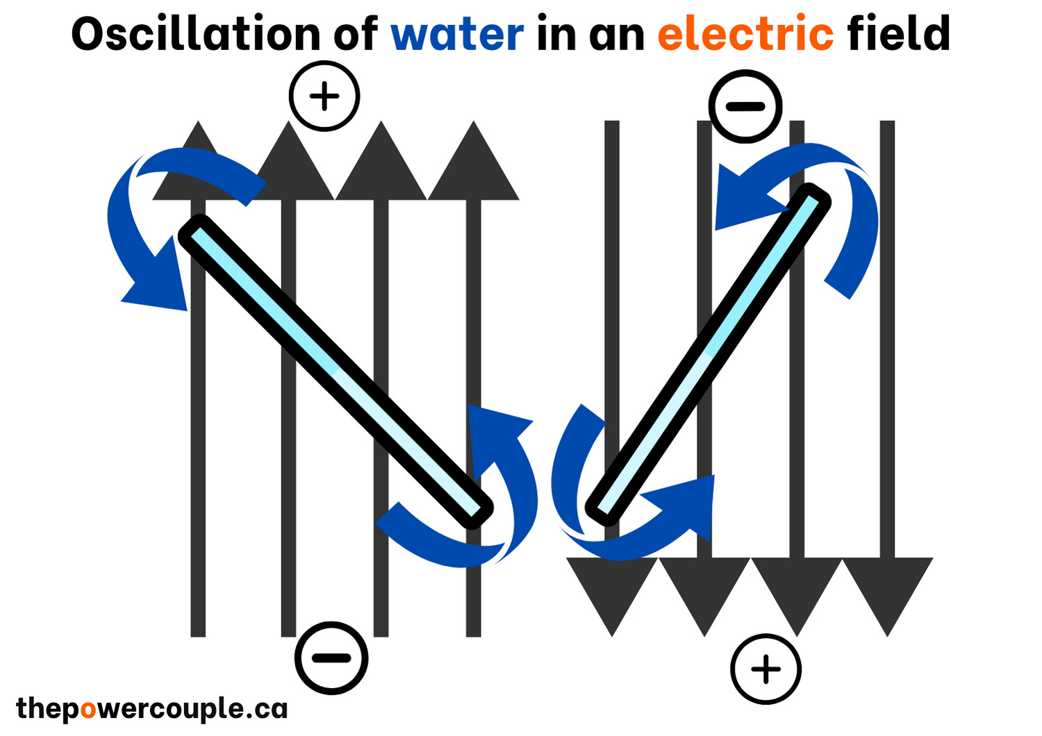 This gives rise to friction, caused mainly by the high oscillation rate of the water molecules in the electromagnetic field (EMF). This is also called diathermic heating, whereby EMFs create heat.
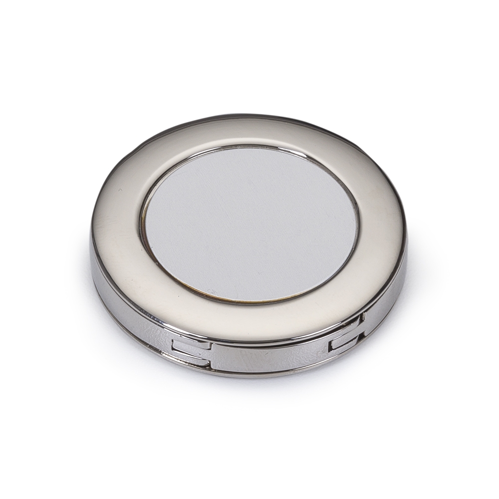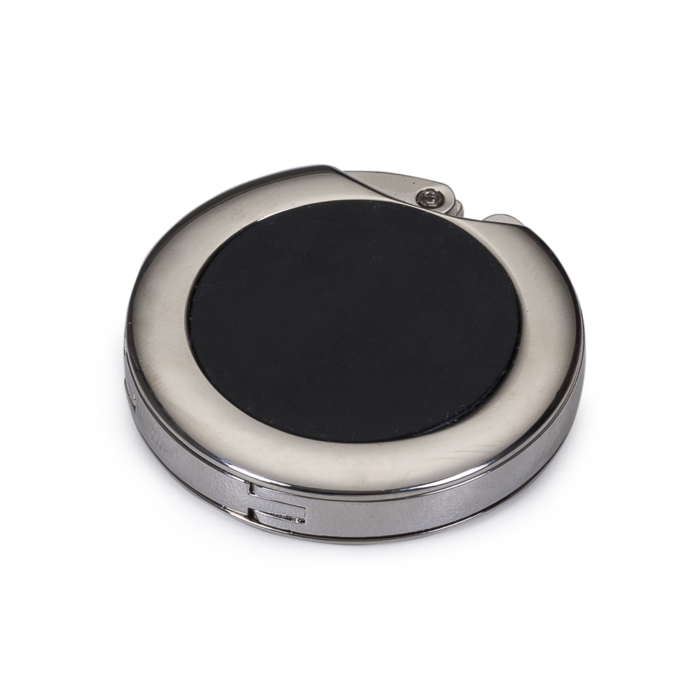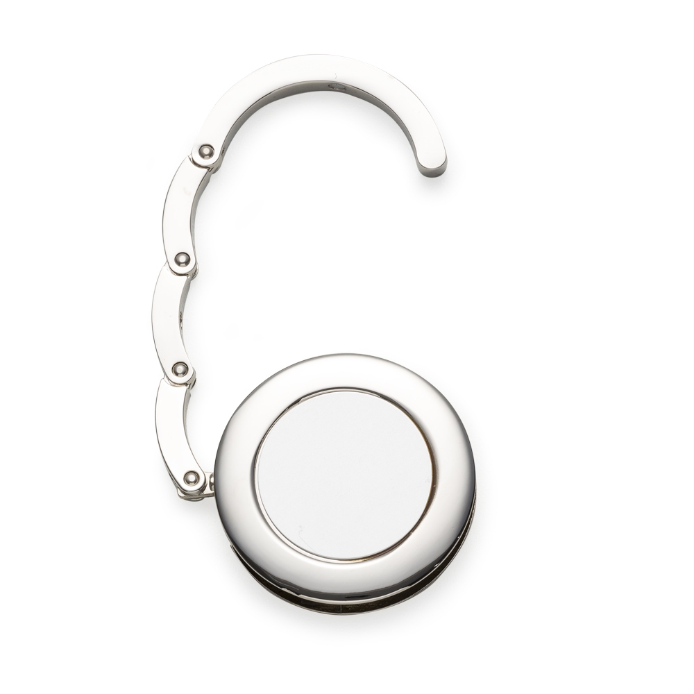 Porta bolsa de metal dobrável, possui chapa central redonda para gravação e parte traseira borracha anti deslizante. Para utilizar o porta bolsa basta puxar a lateral(é imantado) e abri-lo.
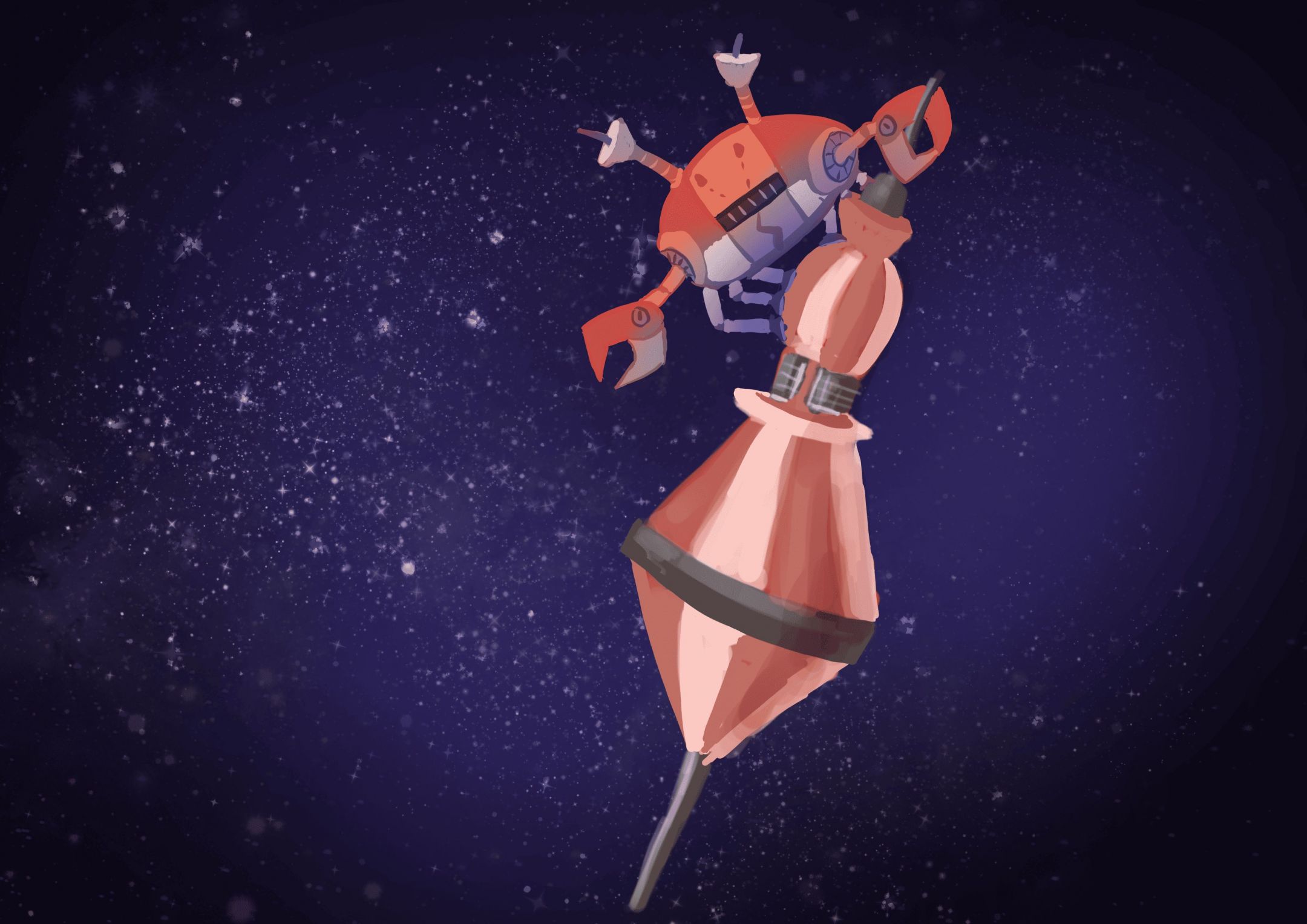 Our Idea was that you could jump from planet to planet with your crabship in first person. This would require a bit of skill. The game could be described as a cozy platformer. All the planets revolve around your space station, the buoy where you store your resources.

..........

Exercise aim: Copy exactly the lines from the line holding "Porta bolsa de" to the final line of the listing, and leave the pictures out.

Response:
 Porta bolsa de metal dobrável, possui chapa central redonda para gravação e parte traseira borracha anti deslizante. Para utilizar o porta bolsa basta puxar a lateral(é imantado) e abri-lo.
 Our Idea was that you could jump from planet to planet with your crabship in first person. This would require a bit of skill. The game could be described as a cozy platformer. All the planets revolve around your space station, the buoy where you store your resources.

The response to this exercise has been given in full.